The song Radford composed that day – aptly called Tribute – is the music he and pairs partner, Meagan Duhamel, are skating their short program to this season. It's both a way of remembering his late coach, and a touching tribute to all the people who have helped the two figure skaters over the course of their careers.

"It's for all the coaches, all the family, all the friends, and the partners we've had before, everybody who's been there along our journey," Duhamel said.

Radford and Duhamel, favourites for a medal at the 2014 Sochi Winter Olympics after claiming bronze at the world championships last spring, will debut their short program for a global audience Friday at Skate Canada International.

The 28-year-old Radford grew up in Balmertown – the northernmost town reachable by car in Ontario and a 28-hour drive from Toronto – and began playing the piano at 8, the same year he started skating.

His love of music is part of what first drew him to skating, and his two passions have been intertwined since. "Music through my whole skating career has provided the biggest balance, because there's been ups and downs, but when I can go home and sit at my piano, it clears my mind completely, and everything is back to normal," said Radford, who studied at Toronto's Royal Conservatory of Music and is working on his Grade 10.

Friends who've heard Radford play had encouraged him for years to skate to a piece of his own music. It helps, he said, that the type of music he writes is "very skateable."

"It's emotional, it's something you might hear on a film soundtrack," Radford said. "I'm very lucky my two major talents, skating and music, are able to complement one another and come together in a moment like this."

Radford is always at his piano "fiddling around," and figures he's composed hundreds of songs over the years, but knew if he ever skated to one it would be this particular piece, which he describes as more "inspirational" than sad.
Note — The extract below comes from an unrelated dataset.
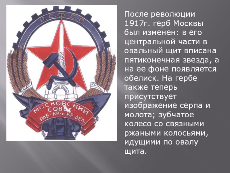 Слайд 18После революции 1917г. герб Москвы был изменен: в его центральной части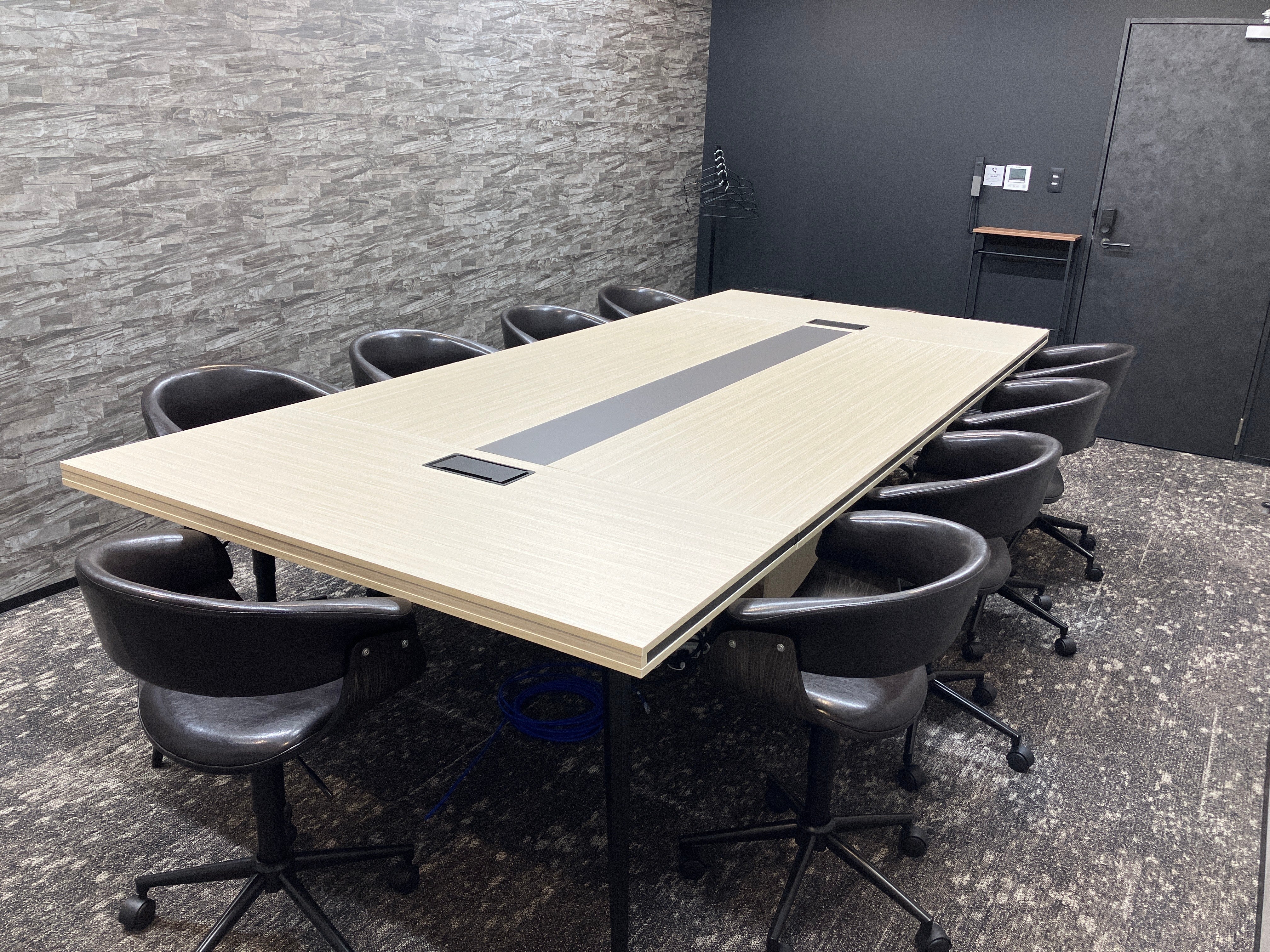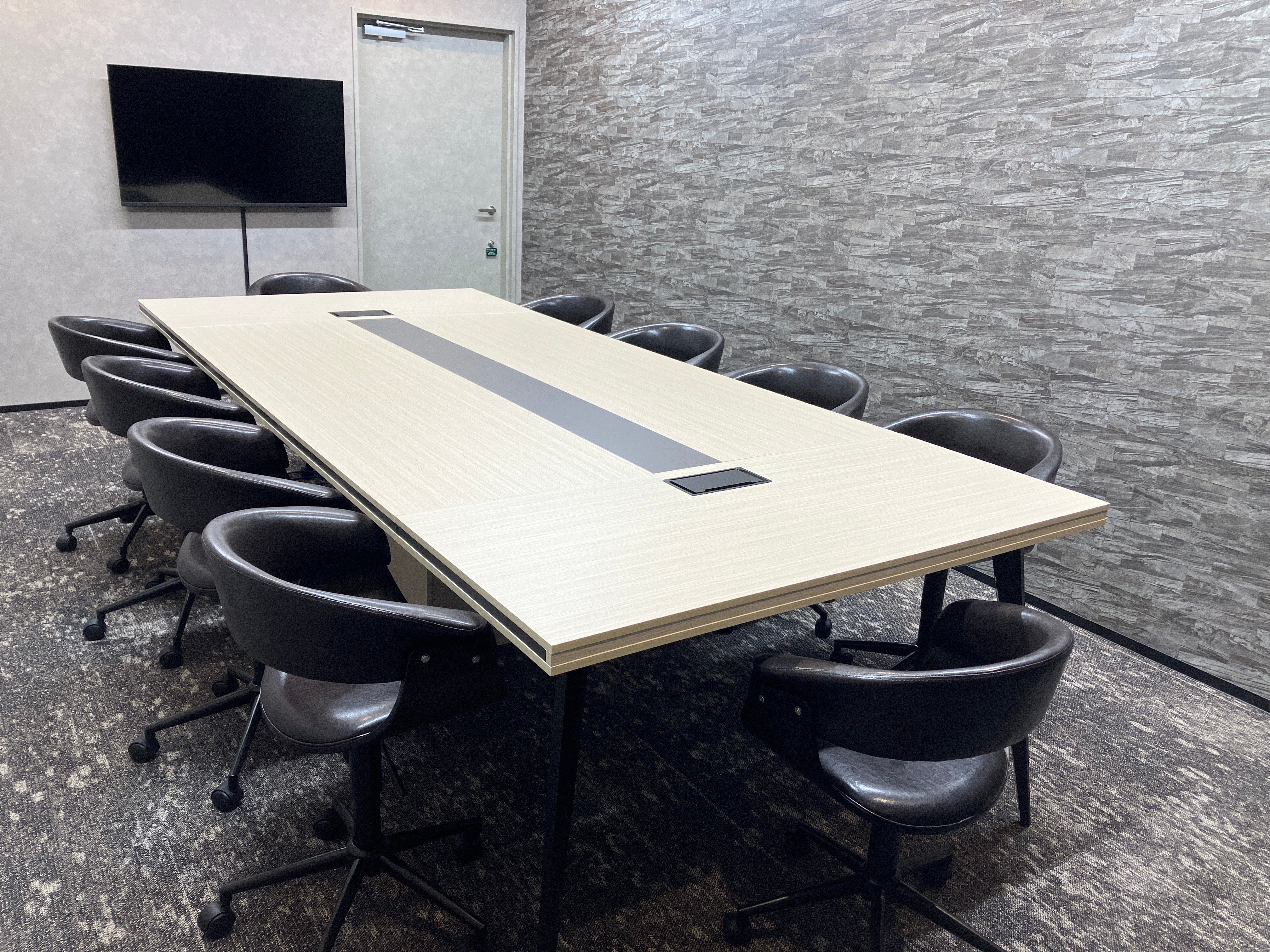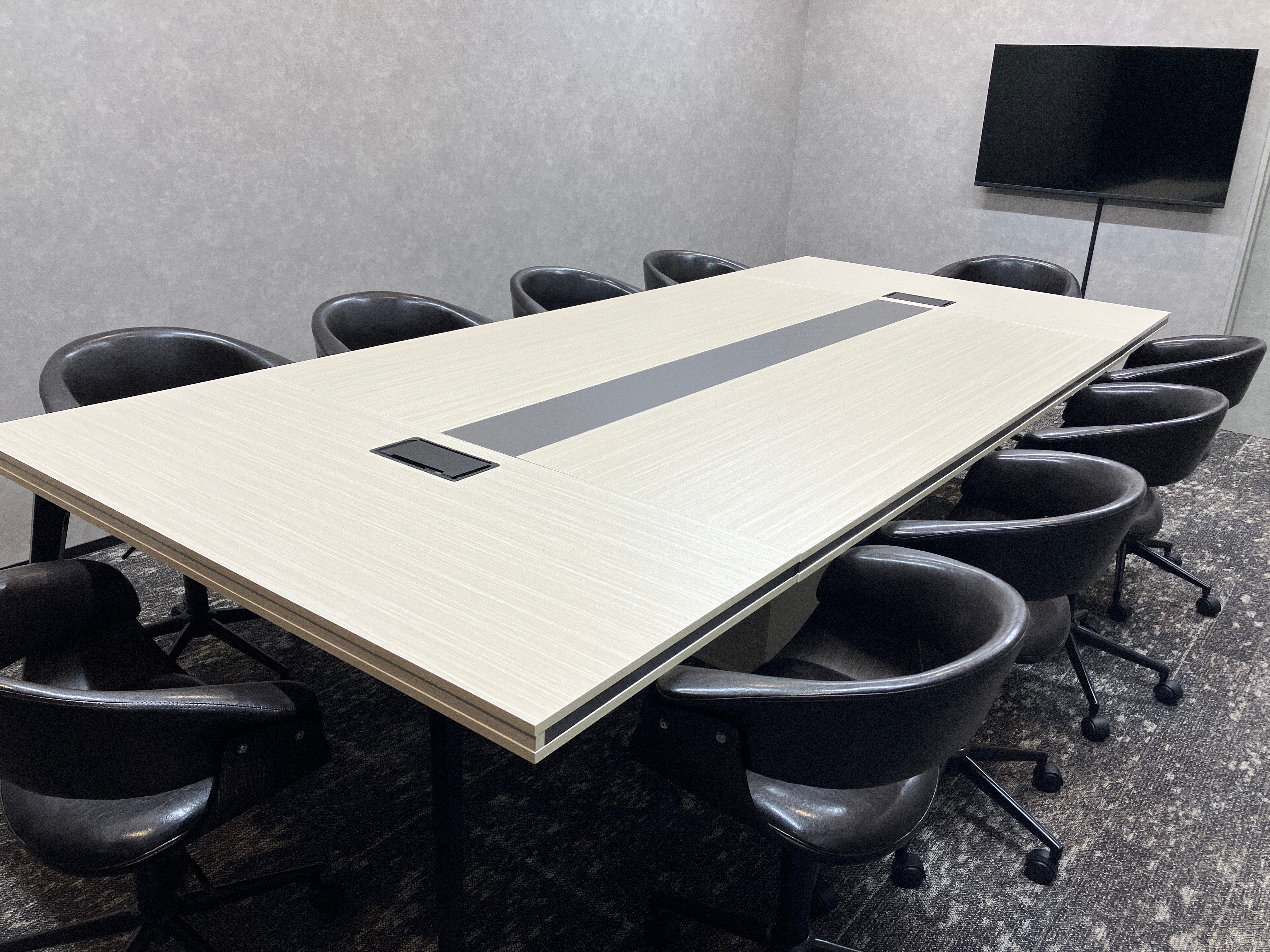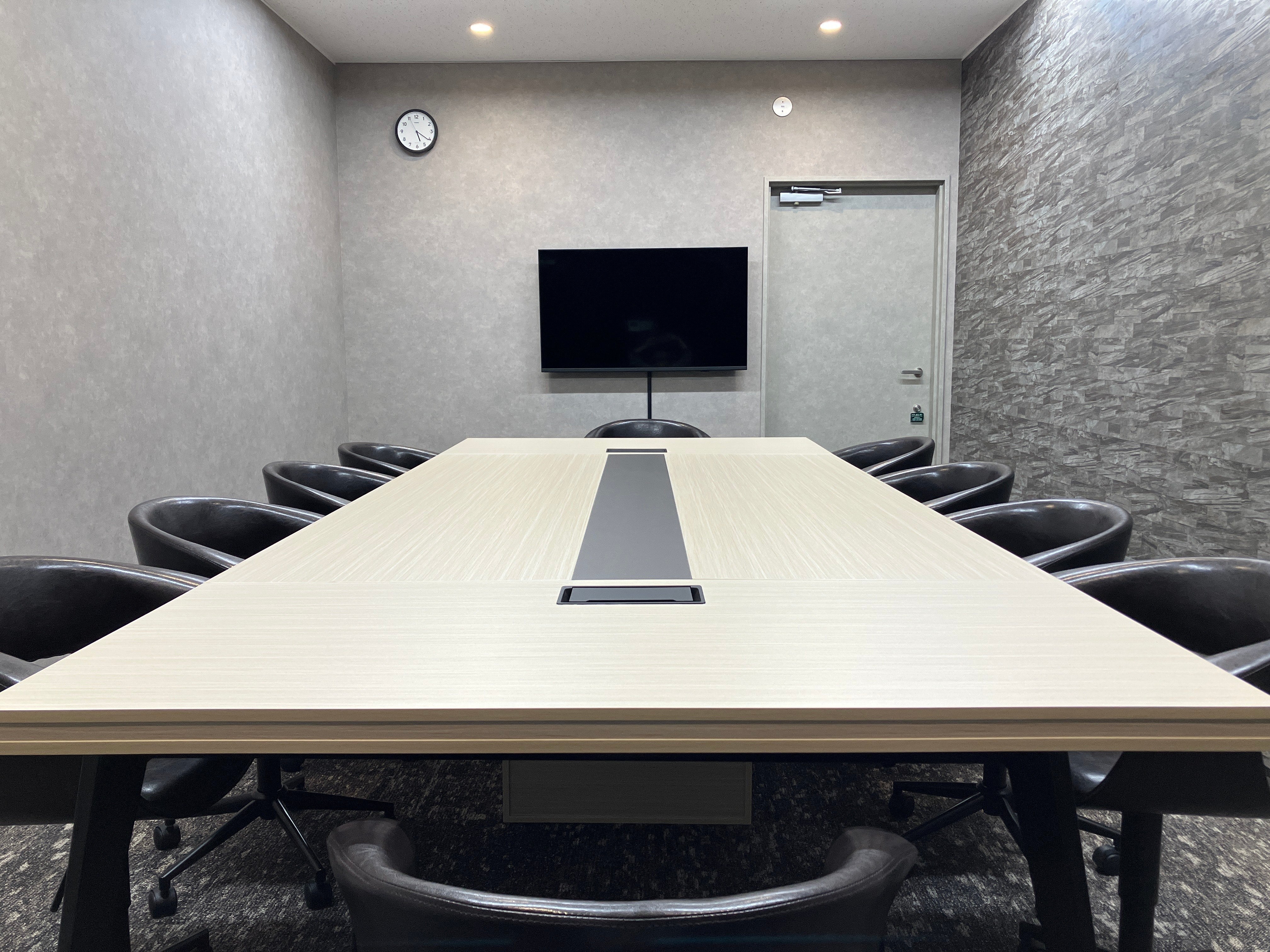 最スタイリッシュなグレーを基調とした明るく上質なミーティング空間。大きな会議テーブルと座り心地のチェアをご用意しています。室内には50型の液晶モニター付き。高速10G回線(有線・Wi-Fi)も無料で利用可能。PCを接続するだけでスムーズにオンライン会議やプレゼンテーションが開始できます。WEB配信やインタビュー、撮影利用にもおすすめ。ビジネスのあらゆるシーンに対応できるワンランク上の会議室です。

He worked with Canadian composer Louis Babin to arrange the music for an orchestra and then in April, they recorded the song in a Montreal studio with a 16-piece string section.

"That was a whole experience in itself. It was a spiritual experience hearing my music come to life in the studio," Radford said.

The only concern for Duhamel, a 27-year-old from Lively, Ont., was she wouldn't be as emotionally invested in the music as her partner – hence the decision to make the song a tribute to all the people in their lives. "I think [using the music] was a good idea, and I think there's no better time to do it than at the Olympics, when the whole world will be watching and they'll see it," she said.

"That's the most inspirational time of our careers that we're going to have."

Still, in a sport in which the same pieces of music are continually regurgitated – think of the "Battle of the Carmens" between Katarina Witt and Debi Thomas at the 1988 Calgary Games – Radford knew using an original piece of music, composed by himself no less, was an Olympic-sized risk.

"We put ourselves out there as skaters and as athletes in a subjective sport where a whole lot of it can be based as opinion. And I'm also putting myself out there as an artist, and putting my soul out there with this piece of music," he said.

"People like orange but hate red, so some people will love it or not like it. But it's unique that I get to use both of my talents, and when we skate to the music, I think it will combine to create a special moment rather than just a performance of skating."

The U.S.'s Timothy Dolensky has skated to piano music he's composed, and Radford and Duhamel have been told a Ukrainian skater in the 1990s did the same thing. But the Canadians believe it will be a first for an Olympics.